Hera kemudian menggelar jumpa pers untuk menjelaskan perlakuan yang dialaminya. Di momen itu, ia menceritakan sederet perlakuan kasar dari Erin. Respons Erin terhadap pernyataan Hera sangat tajam. Ia merasa geram dan menyebut Hera mencari perhatian.
“Ih kamu, ngegemesin deh,” tulis Erin dalam komentarnya. Ia juga menuding Hera tidak menunjukkan bukti dugaan penganiayaan yang diterimanya.
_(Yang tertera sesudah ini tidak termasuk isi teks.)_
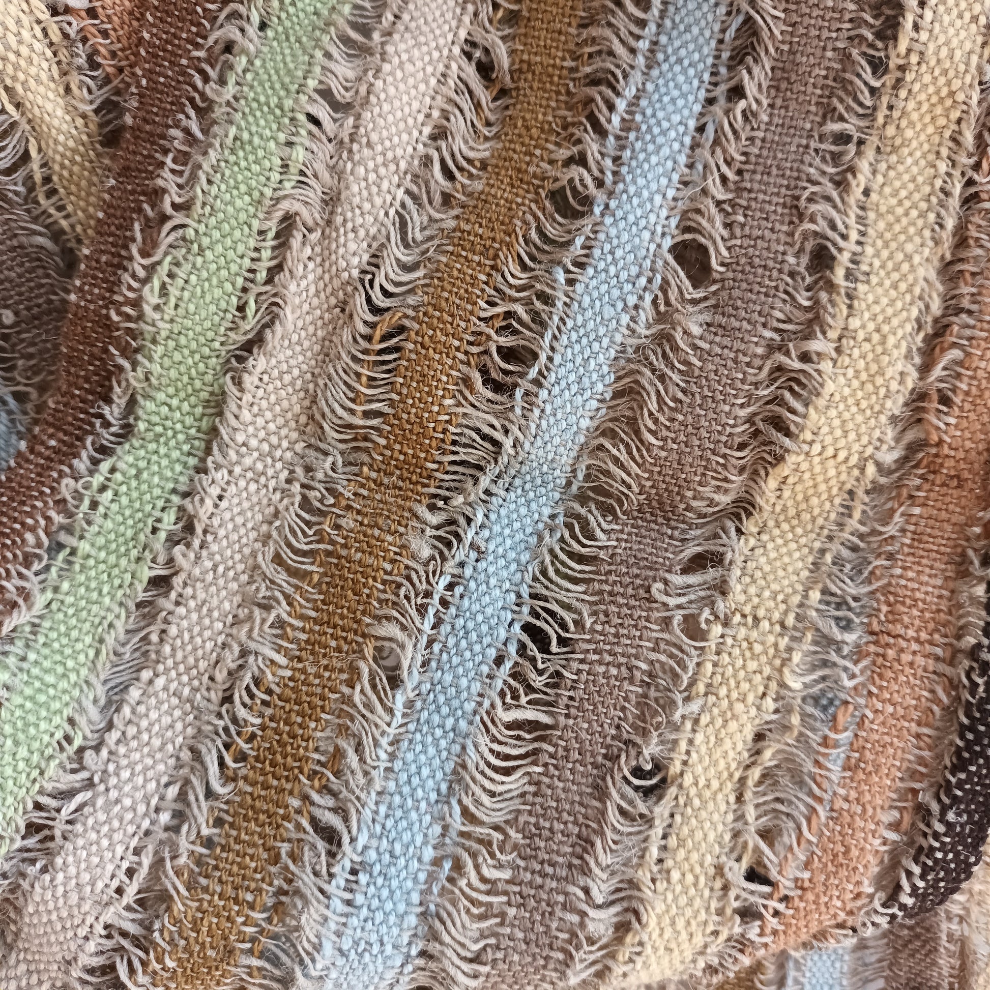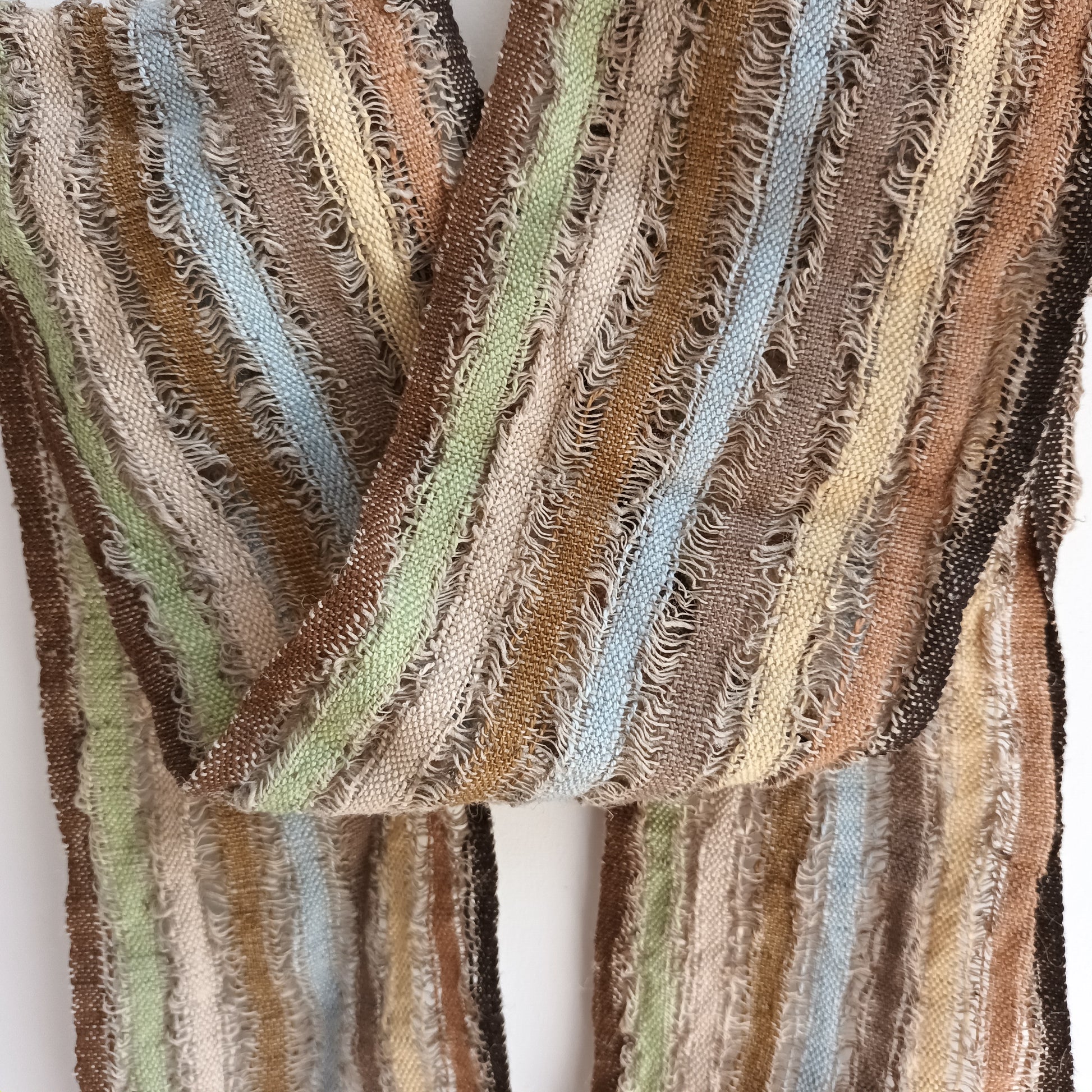 This hand-woven scarf is woven on a floor loom in my studio at Upton Towans where we are cosily tucked into the dunes by the sea. The scarf colours are earthy in appearance resembling the colours of everything Cornwall, especially the elements, sea, sky, and the land that feeds us both literally and visually.

“Coba kalian pikir dia tampil terus dan bicara terus kayak gitu tapi kenapa nggak nunjukin hasil penganiayaannya?” imbuhnya.
Erin kemudian menantang Hera untuk membuktikan dugaan penganiayaan yang dialaminya. Ia meminta Hera menunjukkan bekas luka atau bukti lainnya.
“Tunjukin dong yang katanya dipukul, mana bekas memarnya?” tanyanya. “Tunjukin dong yang manta katanya dicakar? Mana lukanya? Tunjukin dong mumpung momennya lagi banyak kamera,” pungkasnya.